Tempeh is a traditional soy product originally from Indonesia. Doing it, like tofu from soy, but the beans remain intact, they are boiled, add the leaven, fermented and shaped into briquettes.
Pace unlike tofu richer in protein, dietary fiber and vitamins, iron, calcium, vitamin C, omega-3 and omega-6 polyunsaturated acids. Tempeh has a firm texture and an earthy flavor which becomes more pronounced with age. Baked, steamed, deep-fried or grilled, tempeh is a good substitute of meat and fish dishes.

Seitan (Seitan)

The easiest way to describe Seitan is to call it “wheat meat.” Seitan is made from the protein part of wheat, it’s wheat gluten. This is an alternative meat substitute known for its high protein content comparable to meat. Seitan is used interchangeably with meat substitutes based on soy.
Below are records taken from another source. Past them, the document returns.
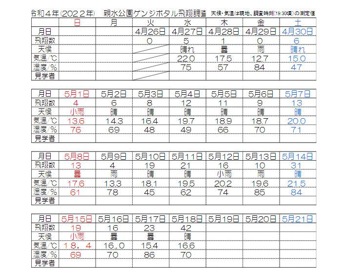 まず、「親水湿生公園」の5月18日の飛翔数は42頭(但し2022年は、4年ぶりに2月13日に養殖したゲンジホタルの幼虫400匹を放流しているので、2021年のデータはあてにならない。)である。
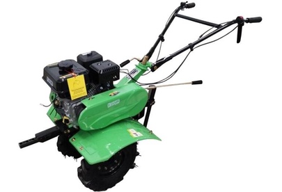 "Мощность - 8.0 л.с Двигатель- 4-х тактный бензиновый Кол-во скоростей-3 вперед -1 назад Передача- ремень + цепь Редуктор чугунный Регулировка руля - по высоте Вал отбора мощности -да Сцепка - Совместима с мотоблоками Ока/ Нева/ Каскад/ Диаметр колес - 4,00-8"" Ширина обработки-800 мм Фрезы Pubert 24шт(3группы/4шт) С коннектором"
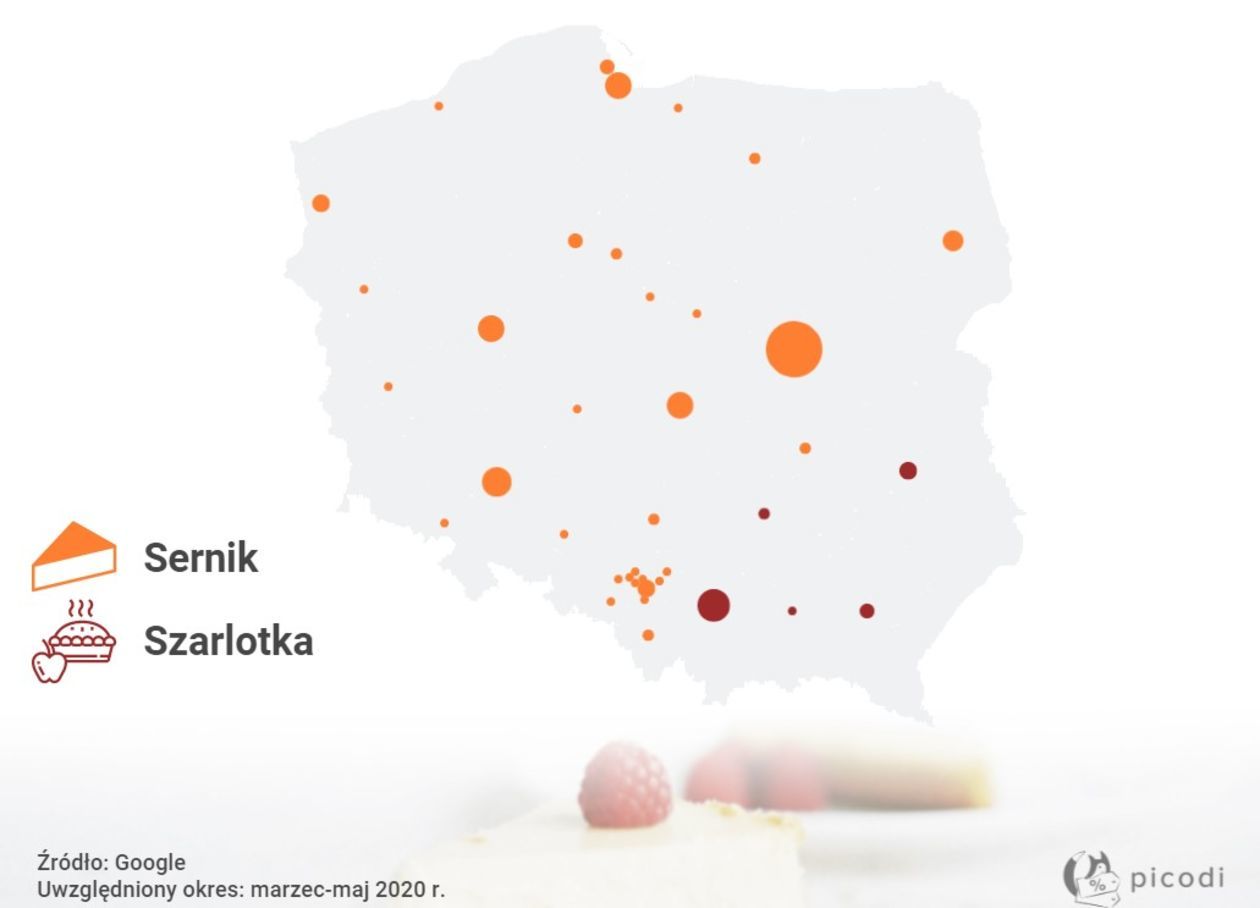 Sprawdzono też, jakie ciasta są najczęściej pieczone w miastach powyżej 100 tys. mieszkańców. Okazało się, że sernik wiedzie prym w większości dużych miast. Wyjątek na tej mapie Polski to południowy wschód: Kielce, Lublin, Kraków, Tarnów i Rzeszów – w tych miastach najczęściej piecze się szarlotkę.
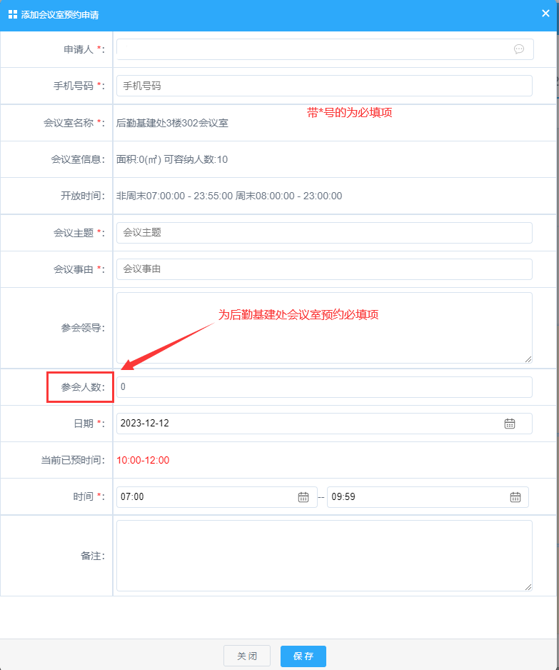 (三)、按照列表,填写相应的栏目,带*号的是必填栏目,太阳集团tyc138的会议室预约必须填写参会人数(如下图)。
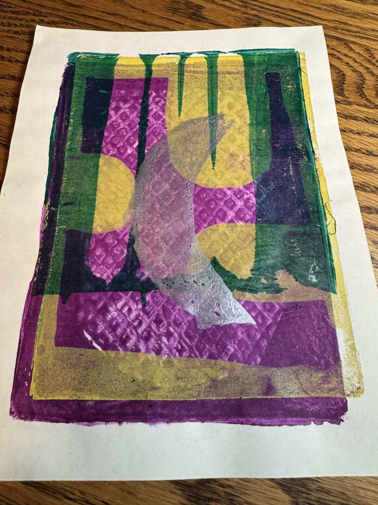 First experiment with Gelli plate printing! I was feeling Mardi Gras vibes for some reason! I wish the silver had turned out a bit more opaque, but I’m generally pleased!
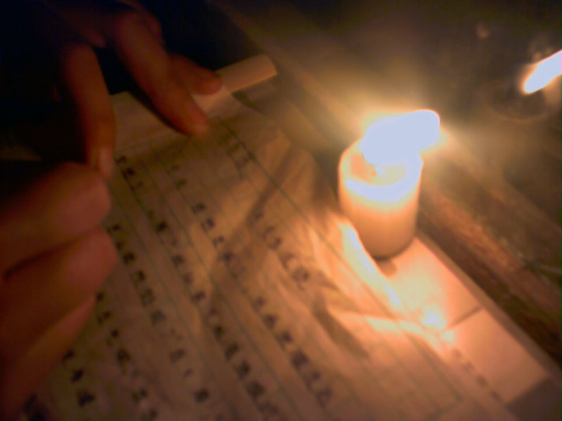 但事情好像并没有那么发展得那么糟糕,晚上我们来的时候,我们进班的时候,看到老师正在点蜡烛,不会吧?让我们点蜡烛学习?因为班里有很多蜡烛,有的人自己带了,所以几乎每张桌子上都有一根正在燃烧的东西。整个教室虽然很大,但却充满了烛光,感觉特别温暖,并且教室里异常的宁静,连喘气都很小心。
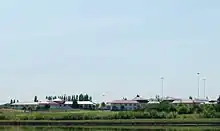 State and county governments expanded Sheridan's urban growth boundary to include the prison site in 1986, which opponents then fought in court.[6] These efforts, along with two ballot measures in November 1986, all failed, and groundbreaking for construction was held in March 1987.[7] Local businesses and the city had sought the prison to provide jobs in the area.[7] Sheridan expanded its water and wastewater treatment systems at a cost of $2.2 million as part of the project.[7]

Get it: mix the flour with water and shape the dough. Then the dough was washed under running water to remove the starch and knead. After this is about 1/6 of the dough from the original amount of flour – this is gluten. The resulting gluten cook on low heat for another 1-2 hours.

Hummus

Hummus is not exactly a meat substitute, this product is likely to replace mayonnaise, which is commonly used for sandwiches.

Strict vegetarians who exclude any animal food, including mayonnaise because it contains eggs. Can use hummus is an excellent replacement for mayonnaise.
Hummus is made from chickpeas (pea). Chickpeas boiled and crushed with a blender. Then add sesame paste, olive oil and various spices (lemon juice, garlic, pepper, etc.). It turns out mashed potatoes with a creamy texture and delicious aroma.

Hummus is rich in protein, fiber, also can be used as a source of iron, vitamin C, and folic acid. Depending on the recipe hummus contains different amount of monounsaturated fat.

Vegetable protein is often considered inferior replacement for meat protein due to the absence of the amino acid methionine. Missing this amino acid and protein in chickpea, however, hummus is full of protein. Sesame paste is a necessary component of hummus contains a significant amount of methionine that complements the protein of the chickpeas.